1877: Monet produces one of his famous collections of works, of the Parisian train station Gare Saint Lazare. Durand-Ruel is so impressed with the paintings that he snapped them up on sight, and even made small payments to other members of the impressionist group. The paintings are displayed at the Third Impressionist Exhibition held this year.

One of Monet's 16 Gare St-Lazare paintings

March 1878: Camille gives birth to Monet's second son, Michel.

5 September 1879: Camille dies, perhaps as a result of complications from a botched abortion. Monet produces one of his most remarkable works, Camille Monet on her Deathbed.

Monet's painting of his wife on her deathbed

Giverny and gradual success

1883: Monet moves to Giverny, a large village 50 miles north-west of Paris. He initially rents a large farmhouse, buying it in 1890 and extending the gardens on a number of occasions.

1883/4: Monet travels with Renoir along the Mediterranean coast, and later meets up with Cezanne in Aix-en-Provence. He also paints scenes in Bordighera and Etreat. In a letter to Rodin, he described how he was

"fencing, wrestling with the sun"

Monet's Bordighera

1888: Durand-Ruel exhibits Monet's paintings in New York.

1889-1925: Monet paints the series for which he is best known, the Water Lilies (or Nympheas in French). In total, he produces over 300 versions of this theme, at different times of day, and at different levels of focus and abstraction.

One of Monet's 250 Water Lilies

1889-1892: Monet paints 25 versions of The Haystacks (or Grainstacks). Fifteen versions of this painting sell in an exhibition organised by Durand-Ruel in May 1891.


July 1892: Monet marries his second wife, Alice Hoschede. They live at the Giverny property with Monet's two sons and Hoschede's six children from a previous marriage.

1892-3: Monet paints 30 versions of Rouen Cathedral.

1899: Durand-Ruel mounts the first exhibition of Monet's water lilies.
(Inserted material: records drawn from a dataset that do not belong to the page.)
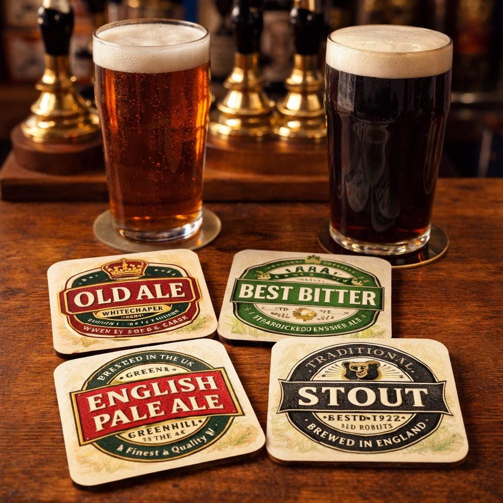 Each coaster features a bold retro brewery label style illustration including Old Ale, Best Bitter, English Pale Ale and Traditional Stout, capturing the authentic charm of hand pulled ales found in pubs across Britain.
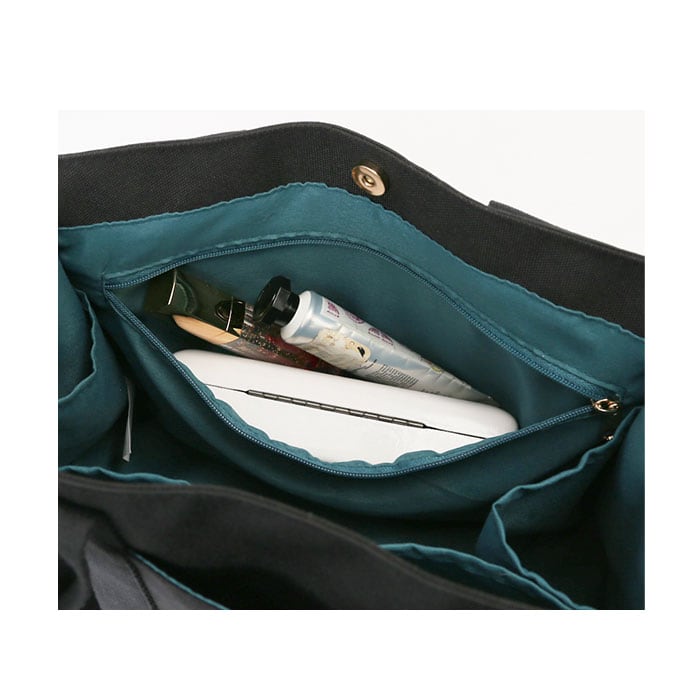 ・メインルーム内側には、小物収納に便利なオープンポケットX3、500mlペットボトルや折り畳み傘の収納に便利なホルダーX1、貴重品やマスク収納に役立つファスナーポケットX1を配置し、散らかる荷物をすっきり収納♪
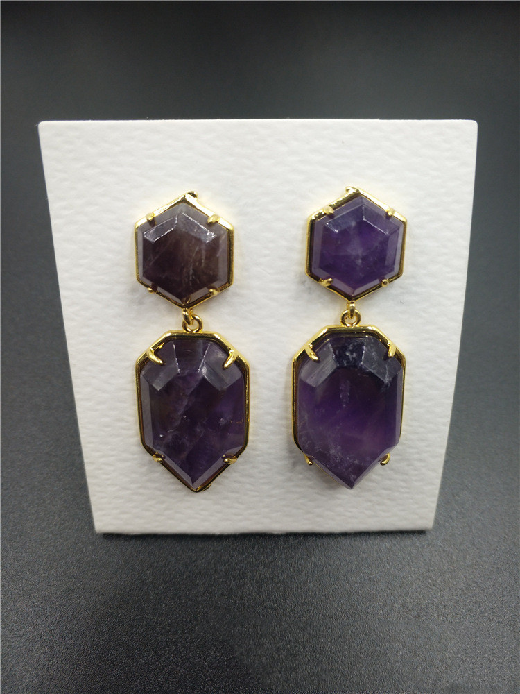 Product InformationName: Natural crystal earringsType: EarringsStyle: UnisexShape: HexagonSize: 45*15mm·Material quality: natural crystal gem

1899-1900: Monet travels to London and stays at the Savoy Hotel to paint the Houses of Parliament and Charing Cross Bridge.

One of Monet's sumptuous paintings of the gothic Houses of Parliament

Final years

1907: Monet's eyesight starts to deteriorate.

1909: An exhibition of 48 of Monet's Water Lilies is held in Paris. One critic observes that:

"... for as long as artists have painted, nobody has painted better than this."

1911: Alice Hoschede, Monet's second wife, dies.

1914: Fourteen of Monet's works are hung in the Louvre, a rare honour for a living artist.

1914: Monet's eldest son, Jean, dies. Monet enters into a deep depression and refuses to paint. Monet also refuses to leave Giverny at the start of World War One, even though he can hear shelling from his garden. French PM Georges Clemenceau encourages Monet to paint a series of decorative panels.

12 November 1918: The day after the conclusion of World War One, Monet writes to Clemenceau floating the idea of donating two water lily panels to the French state. He signs formal donation papers on 12 April 1922 - committing to deliver eight canvasses to be installed at the Orangerie in the Tuileries Gardens in Paris by April 1924.

1922: Monet sells a single Water Lily painting to a Japanese collector for 800,000 francs! He was one of those rare artists whose talent was recognised during his own lifetime. Various of the impressionists, and Manet in particular, did not become recognised until long after their deaths.

1923: After a decade of suffering, Monet finally agrees to have surgery to remove his cataracts. By this stage Monet was medically blind in one eye and had 10% vision in the other. During his 'cataract years', Monet's work becomes more abstract and uses more and more red paint. For example:

Monet's 1922 painting of his house in Giverny

5 December 1926: Monet dies aged 86. Shortly after his death, eight huge canvasses of water lilies that Manet agreed to donate to the French state are installed in a purpose-built museum in Paris, the Musee de l'Orangerie. Known as the Grand Decorations, these canvasses are Monet's crowning achievement - with the Orangerie often referred to as the

"Sistine Chapel of impressionism."

June 2008: A version of Monet's Water Lilies sells at auction in London for £40.9 million. Monet's work now dominates impressionist auctions: of the twenty most expensive impressionist works, 12 are by Monet.